In 1935, Hytten joined the Bank of New South Wales as an economic adviser, remaining with the bank until 1949. In that year he reportedly oversaw a staff of eight researches in the bank's economic department. He opposed the Chifley government's attempts at bank nationalisation, which were overturned by the High Court in Bank of New South Wales v Commonwealth. He was a founding member of the Economic Society of Australia and served as chairman from 1933 to 1939 and from 1946 to 1947. He was later appointed by the Menzies government to the board of the Commonwealth Bank, serving from 1954 to 1959.
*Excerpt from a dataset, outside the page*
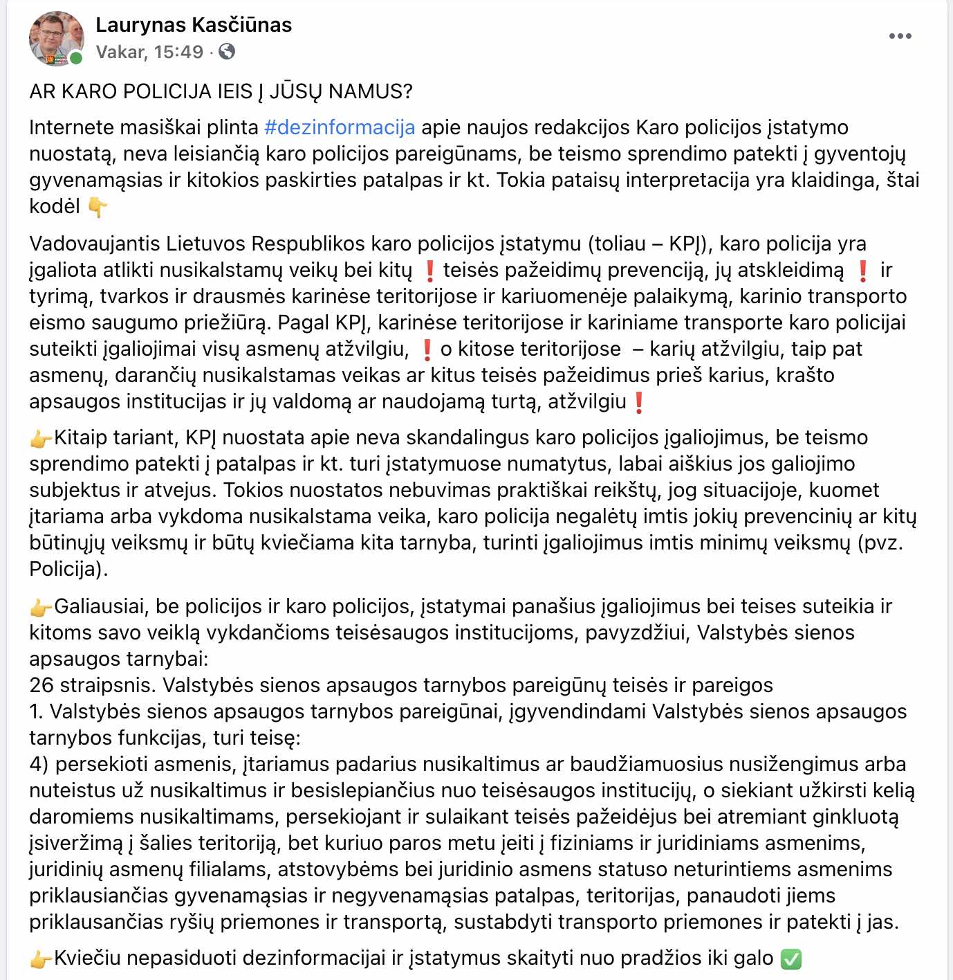 Savo įžvalgomis visuomeniniuose tinkluose apie nuo 2021 m. sausio 1 d. įsigaliosiantį naująjį Karo policijos įstatymą, pasidalino Žmonių partijos atstovas Laurynas Kasčiūnas.

Hytten attracted public attention in 1949 with his comments opposing the existing bipartisan consensus on full employment, suggesting that a permanent unemployment rate of between six and eight percent would be ideal for economic stability. His comments were publicly criticised by federal government minister Herbert Evatt and appeared in ALP campaign materials in the lead-up to the 1949 federal election. In response Hytten stated that the advertisements came "close to libel" and denied any political affiliation, stating that his remarks had been in response to the White Paper on Full Employment in Australia and had been taken out of context.
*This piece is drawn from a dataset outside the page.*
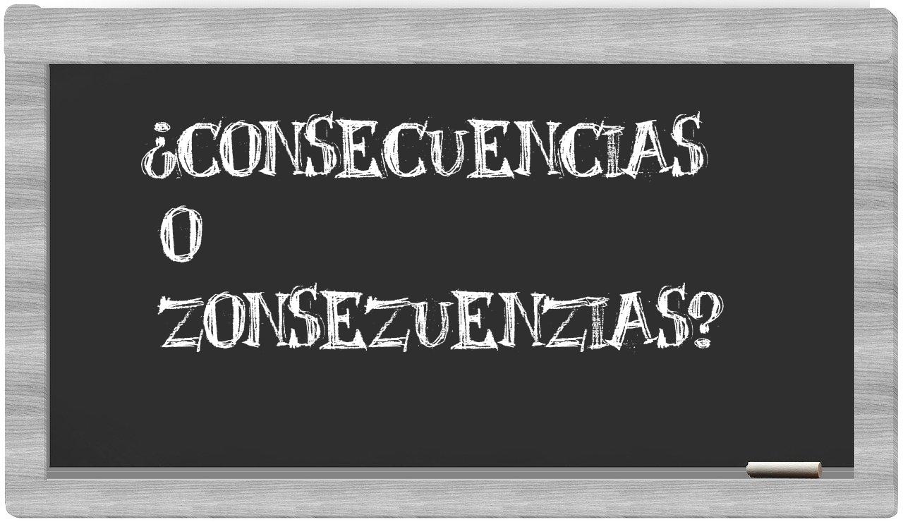 En la situación específica de las palabras consecuencias y zonsezuenzias, no deberías titubear, puesto que únicamente consecuencias se encuentra correctamente redactada. zonsezuenzias, por otro lado, carece de presencia en el Diccionario de la Real Academia Española.

==Personal life and honours==
In 1922, Hytten married Margaret Compton, with whom he had two sons; one died in infancy. In retirement he and his wife moved to Scotland, where their son had settled. He died in Aberdeen on 2 January 1980, aged 89.
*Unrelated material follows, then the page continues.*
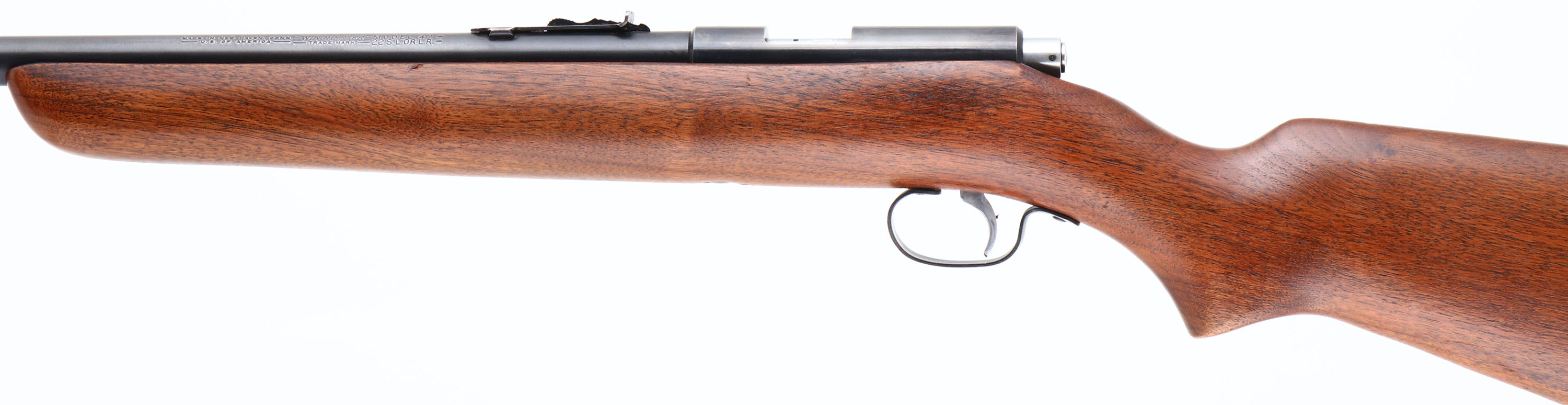 RARE Winchester, Model 47, .22 S. L. LR. Cal., MFG. 1948-54 SN: NSN, Bolt Action Rifle, 25'' barrel, The original flat pistol grip wood stock is excellent & solid, with the slanted back forend tip. There are very few tiny contusions & scuffs to the original finish. The factory metal blue finish on barrel & trigger guard remains at 95%, with loss due to a couple areas of depth thinning rather than coverage loss. Nickel tone bolt handle, bolt & trigger. The bore is excellent. Mounted with adjustable rear sight & standard front sight. Winchester plastic buttplate. Low production model at approx. 43,000 mfg. These are fairly rare rifles & especially when in this high original condition. FFL or C&R Req. - Value: 500 to 1000
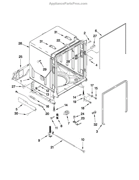 If your dishwasher door drops, slams, or feels heavy, the door balance mount may be broken. This side-frame bracket anchors the spring system.

Hytten bequeathed a memoir titled To Australia With Thanks: Reminiscences of an Immigrant to the University of Tasmania, which was unpublished at the time of his death. His recollections of his fellow economists, including Brigden, Copland, Giblin and Roland Wilson, have been an important source for historians of 20th-century Australian economic thought.

Hytten was appointed a knight of Norway's Order of Saint Olav in 1951. He was also appointed Companion of the Order of St Michael and St George (CMG) in the 1953 New Year Honours. In 1959, the University of Tasmania established Hytten Hall, a male-only residential college at its new Sandy Bay campus. The college was closed in 1980 but a new residential facility of the same name was opened in Hobart's city centre in 2024.